In this study, “post-alphabetic” will be measured by
(1) The ratio of permanently resident text to the total text presented on a
sample of Web pages, (2) The ratio of non-standard word forms presented on a
sample of Web pages, and (3) The ratio of Web pages using post-alphabetic
design strategies. In this study, a
post-alphabetic design strategy would be one that contravenes the etiquette
promoted by sources such as the Yale style manual.
The empirical results of the
proposed survey will be the source of several research papers proposing new
lines of information science research, as well as form the basis for a larger
writing project entitled “The Post-alphabetic Web.”
Sample A stratified random sample of Web pages will
be drawn. The sampling strategy will attempt to collect both “conventional” and “avant garde” Web
pages. The source of sampling strata
will be (1) the Yahoo classification of Web pages, (2) Web pages receiving
accolades in the Webby Awards (http://www.webbyawards.com/main/
), and (3) The Daily Report ( http://www.zeldman.com/exit.html
), a list of Web pages with non-conventional designs.
Sampling within strata will be a
simple random sample. In the Yahoo
strata, a random selection of topics will be chosen and then a simple random
sample of Web sites will be chosen from the topical areas.
Processing
The three-part ambition of this
study leads to the following three-part processing:
One: The Ratio of Static Text to
Total Text Presented
Static Text Count: A Java program will be written to reduce a
Web page to its resident text. An
example of such a program is given in Java Network Programming
(O’Reilly, 2000, p. 251). This program
captures the source document at a URL and calculates the number of word forms
that are not part of HTML or JavaScript.
This procedure will permit a calculation of the amount of static text on
a Web page before a Web browser processes the Web page.
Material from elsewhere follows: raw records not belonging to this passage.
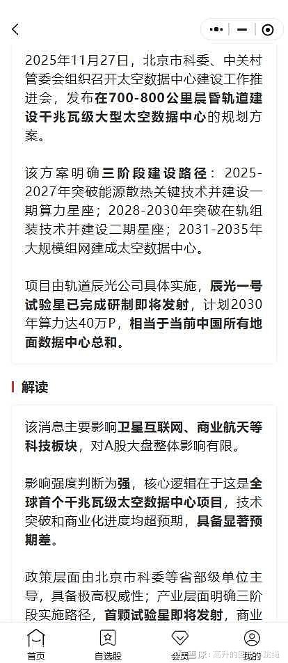 希财舆情宝一早就在风口解读分析了这件事:该消息主要影响卫星互联网、商业航天等科技板块,影响强度判断为强,核心逻辑在于这是全球首个干兆瓦级太空数据中心项目,技术突破和商业化进度均超预期,具备显著预期差。还提示了一些核心受益标的和方向。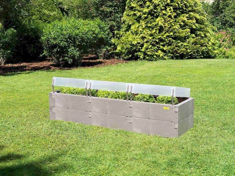 Vyvýšený plastový záhon (16 plastových kamenů) v šedém provedení. Rozměry: 190×60×52 cm. Plastový kryt na vrcholku záhonu poskytne rostlinám ochranu před nevlídným počasím. Tento model zvýšeného záhonu nemá pevné dno.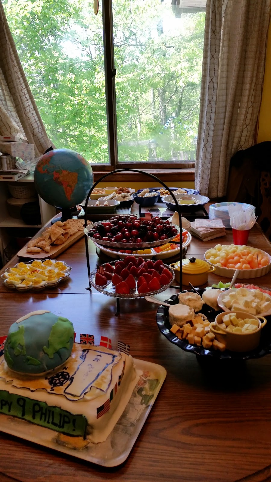 For food, we went simple, with frozen International appetizers, cooked up easily, and fruit and vegetable platters, so that I could focus my attention on the cake.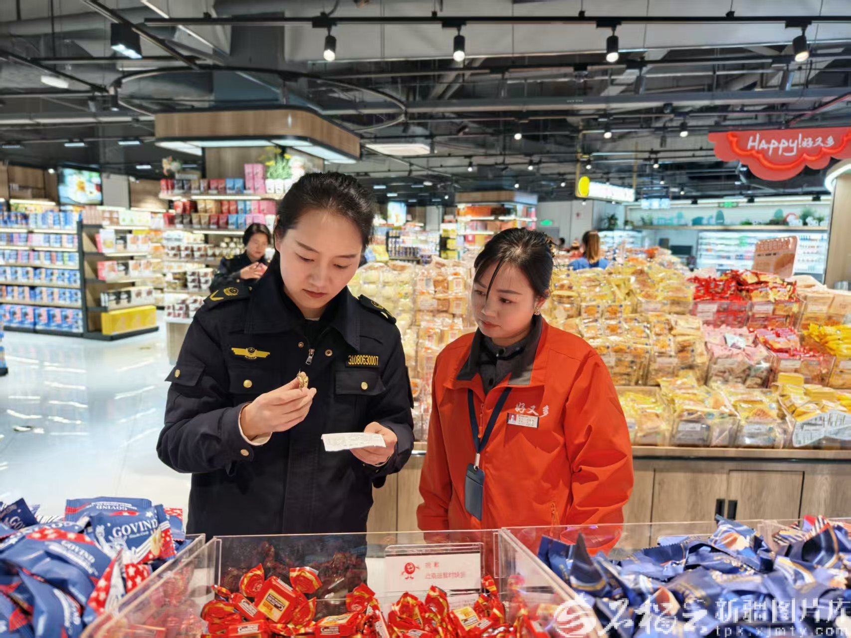 12月31日,阿克苏市市场监督管理局执法人员在好又多超市开展执法检查。陆雪婷摄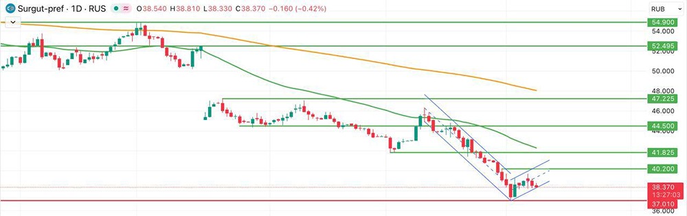🔸 В ближайшие дни префы Сургута способны продолжить консолидацию около текущего уровня, в диапазоне 37–40,2 руб. Существенное улучшение среднесрочной технической картины состоится в случае уверенного превышения значимого круглого уровня 40 руб.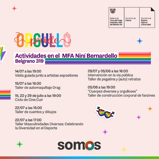 RIO GRANDE.-   En conjunto con la Secretaría de Mujeres, Géneros y Diversidades de la provincia, la Dirección de Desarrollo Audiovisual y la Escuela Popular de Géneros, Disidencias, Masculinidades y Cambio Social, la Secretaría de Cultura a organizado distintas actividades en el marco de la muestra Orgullo, expuesta en el Museo Fueguino de Arte ‘Niní Bernardello’ (Belgrano 319).

Dynamic Text Count: MS Word
can be pointed at a URL (it acts like a Web browser) and its word counting
function will count the number of words in the Web presentation.
This procedure will establish a ratio between the
static text resident in a Web page to the total amount of text presented on a
Web page.
Two: Post-alphabetic Orthography
The dictionary function of MS Word can be used to
locate non-standard word forms. A
reading of the text can establish the presence of graphic word forms and rebuses. This procedure will establish the proportion
of Web pages contributing novel word forms including rebuses and graphic word
forms.
Three: Post-alphabetic Web Page Design
The design of each Web page will be
examined for characteristics that contradict, vary or extend the principles of
Web page design as promoted by the Yale style guide, and other Web guides of
usability.
Support is requested for one calendar year to begin
January 1, 2002.
This grant establishes a new
research area that challenges conventional information science theory, and
therefore is unlikely to be considered by more conventional funding agencies.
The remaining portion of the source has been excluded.